In addition, as the control circuit as described above, as disclosed in Patent Document 1, for example, an abnormal current is generated in the control circuit due to a short circuit failure such as a shunt resistor for detecting the current flowing through the control circuit or a switching element. It is known that a circuit opening and closing means is provided for cutting off the power supplied to the control circuit from the power supply side when it occurs. Specifically, in Patent Document 1, a predetermined or more abnormal current is applied to the inverter circuit on the high potential (anode of the DC power supply) side of the inverter circuit in which a plurality of switching elements are bridged. Circuit switching means for cutting off the power supply when flowing is connected, while the shunt resistor is connected to the low potential (cathode of the DC power supply) side of the inverter circuit. The circuit opening and closing means is configured to interrupt the supply of power to the inverter circuit when an abnormal current flows in the inverter circuit and the shunt resistor is disconnected.

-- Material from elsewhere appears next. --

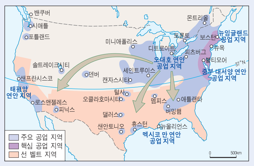 1920년대 미국의 성장을 이끈 것은 자동차 산업입니다. 자동차의 왕이라 불리는 헨리 포드를 비롯하여 GM과 같은 미국의 자동차 기업들은 오대호 연안의 공업 도시 디트로이트에 밀집하였습니다. 당시 디트로이트는 미국에서 가장 산업이 발달한 도시이자 자동차의 도시, 모타운(Mo Town)이라 불렸습니다. 하지만 1970년대 이후 일본, 대한민국 같은 신흥 공업국의 등장으로 미국의 자동차 산업은 쇠락의 길을 걷게 됩니다. 그 결과 오대호 연안의 공업지역은 녹슨 지역이라는 뜻의 '러스트 벨트'로 전락하고 맙니다. 반면 같은 시기 남서부 도시들(샌프란시스코, 오클랜드, 산호세)에서 컴퓨터 산업이 발달하면서 미국 산업의 중심지가 오대호 연안에서 태평양 연안으로 움직였습니다. 이곳은 오대호 연안 공업 지역에 비해 따뜻한 남쪽이기 때문에 선벨트라 부릅니다.

On the other hand, as another configuration of the control circuit, for example, as shown in Fig. 3, instead of the circuit opening and closing means, the resistor 115 melted when an abnormal current occurs in the inverter circuit 111. It is also known to use. Specifically, when a predetermined or more abnormal current occurs in the inverter circuit 111 on the high potential side of the inverter circuit 111 including the plurality of switching elements 112 (the anode side of the DC power supply 103). The molten resistor 115 is connected, and the shunt resistor 114 is connected to the low potential side (the cathode side of the DC power supply 103) of the inverter circuit 111.

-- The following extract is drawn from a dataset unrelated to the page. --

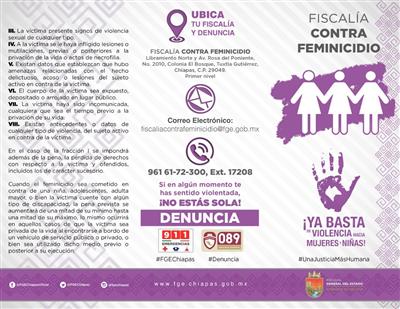 Propósito: Dar a conocer que la violencia hacia las mujeres y niñas es un delito, y que el ejercicio de esta violencia puede culminar en Feminicidio. Se fomenta la cultura de la denuncia.

[Patent Document 1] Japanese Patent Laid-Open No. 2008-190749

By the way, as in the configuration of Patent Document 1, in the case of the configuration in which the power supply to the inverter circuit is cut off by the circuit switching means after the shunt resistor is disconnected due to an abnormal current generated in the inverter circuit. It is necessary to detect the disconnection and to operate the circuit opening and closing means in accordance with the detection result. In this case, the configuration of the entire control circuit is complicated, and the circuit opening and closing means needs to be configured as a switch, and as in the conventional example shown in FIG. 3, the power supply is cut off using a resistor such as an inexpensive fuse. In this case, it cannot be applied.

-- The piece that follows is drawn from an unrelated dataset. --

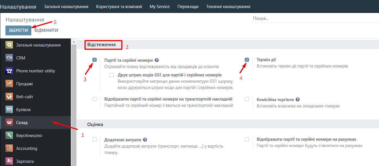 In order to enable batch and serial number tracking, you need to find the Tracking group in the warehouse settings and check the "Batches and serial numbers" option. And if you have food products, you also need to check the "Expiration date" option for them.

On the other hand, although the conventional example shown in FIG. 3 is cheaper and simpler than the structure of Patent Document 1, since the abnormal current generated in the inverter circuit also flows to the shunt resistor (see arrow in the drawing), the shunt resistance is abnormal. When burned out (disconnected) by a current, there is a possibility that a shunt resistor, which is originally a low resistance, becomes a high resistance. In this case, although the cause of the abnormal current is not solved in the inverter circuit, the flow of current from the high potential side of the inverter circuit to the low potential side is inhibited by the shunt resistor, so that the high potential side of the inverter circuit (DC power supply) As the current for melting the resistor does not flow with respect to the resistor connected to the anode side), the state in which the resistor is not melted continues. That is, when the shunt resistor is burned out due to an abnormal current generated in the inverter circuit, the resistor is not melted and a voltage for generating an abnormal current in the inverter circuit is continuously applied to the component of the inverter circuit. It may damage the motor.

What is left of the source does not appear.